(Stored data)

:::::

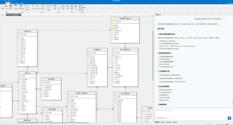 AI助手不仅能理解模型结构,还能生成详细的转换计划,定义核心类、属性及关系,极大提升了本体构建的效率与标准化程度。
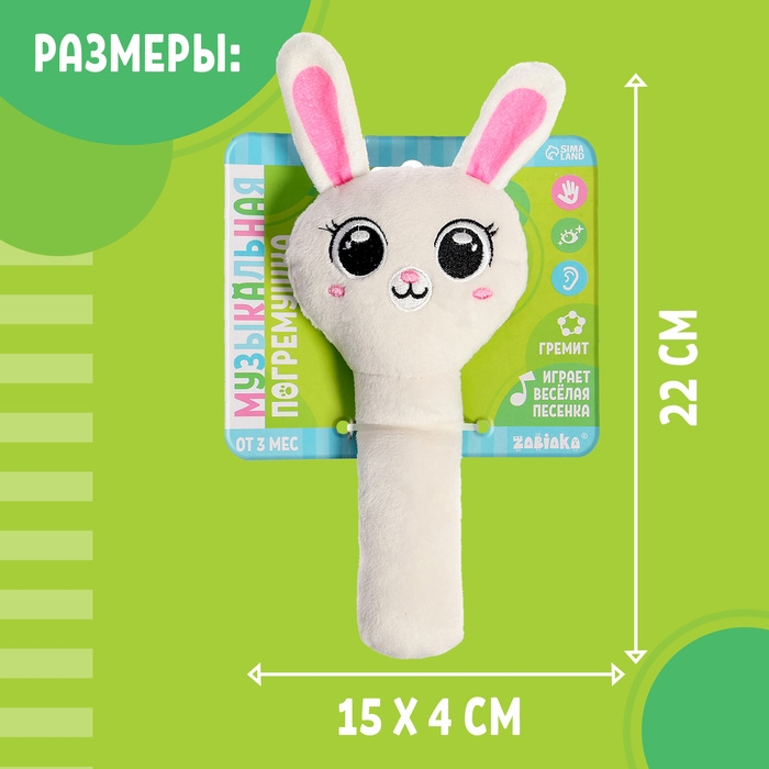 Музыкальная погремушка в виде милого кролика привлечёт внимание трогательным дизайном и надолго займёт малыша. Игрушка не только развлечёт ребёнка — с ней кроха потренирует слуховое восприятие, тактильные ощущения и зрительно-моторную координацию.
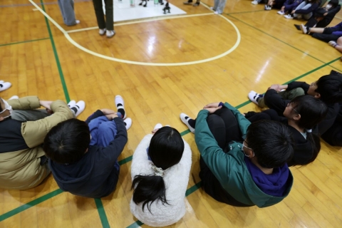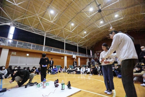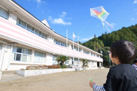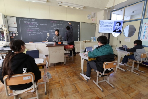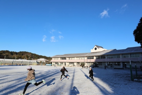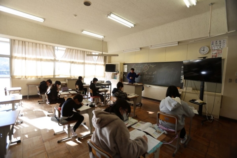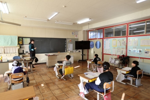 教室でインタビュー ビニルハウスの見学
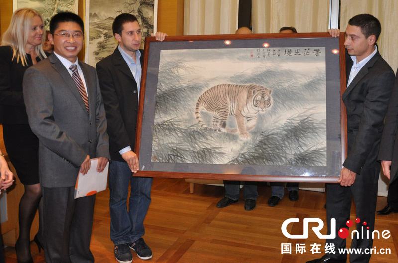 中國駐塞爾維亞大使館文化參贊徐鴻在開幕式上表示,中塞兩國文化交流源遠流長,不久前兩國又簽署了2013至2016年文化交流綱要,文化交流更是擴展到影視和體育范圍,可以說中塞兩國的文化交流在日益深化。此次畫展中的作品不僅僅是畫出虎的外形,更畫出虎的一種精神,相信此次畫展會為中塞兩國文化交流增添亮麗的一筆。
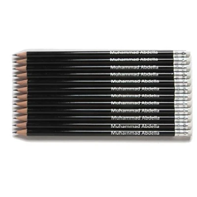 A great gift for all ages, and will end the 'that's my pencil disputes! Also check our listings of hexagonal embossed pencils Pack of 12 Premium quality German HB Round pencils made from a sustainable source. They are PEFC certified and tested by independent labs in accordance with the Safety of Toys regulations EN 71/III High Quality HB Graphite Pencil with eraser tips and are supplied in a strong see through wallet. Amazing colour choice:- * Glacier White * Popcorn Pink * Ocean Blue * Mid Grey * Bright Purple * French Navy * Jet Black * Crimson Red * or we can do a mix!! Let us know the colours/quantities Names are Digitally printed in Silver in either capitals or upper/lower case, two lines of text with up to 30 characters (and spaces). This method of printing offers a choice of font styles and motifs. We are happy to discus your logo on the pencils, please submit designs for approval. Suitable for commercial orders, please contact for special rates for larger quantities.
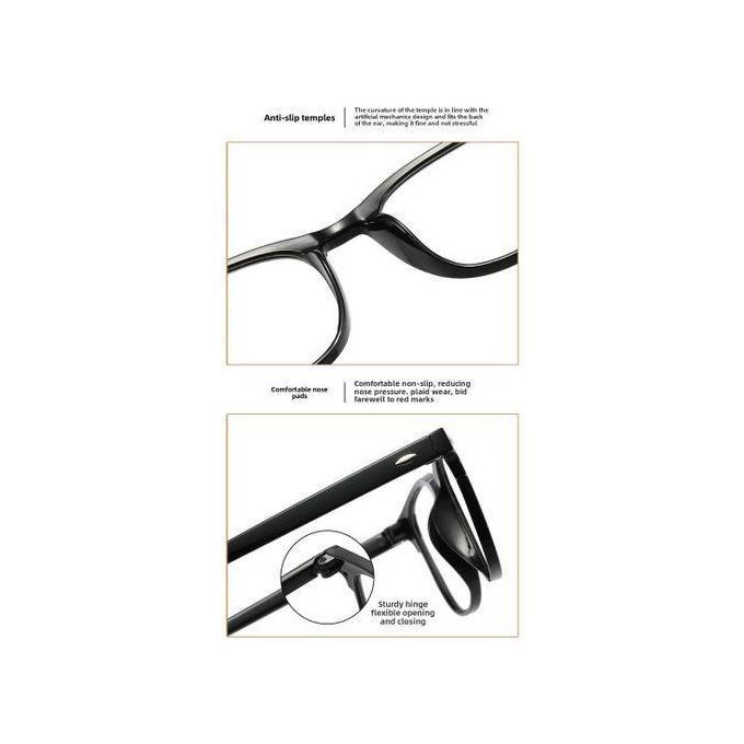 The lens is the core highlight of this pair of glasses – it has powerful anti blue light function. In today’s era where electronic devices are always in hand, blue light emitted from screens such as mobile phones, computers, and tablets can cause eye damage, leading to dryness, fatigue, soreness, and even affecting vision. The lenses of these glasses can effectively filter out most harmful blue light, establishing a protective barrier for your eyes, allowing you to reduce the stimulation of blue light on your eyes during work, study, and entertainment, and maintain a clear and comfortable visual experience.

:::::

Prompt - Above are records with pictures. Reproduce exactly only the lines from the line with "Музыкальная погремушка в" through the line with "教室でインタビュー ビニルハウスの見学", both ends included, and leave the pictures out.

Exercise result -
 Музыкальная погремушка в виде милого кролика привлечёт внимание трогательным дизайном и надолго займёт малыша. Игрушка не только развлечёт ребёнка — с ней кроха потренирует слуховое восприятие, тактильные ощущения и зрительно-моторную координацию.
 教室でインタビュー ビニルハウスの見学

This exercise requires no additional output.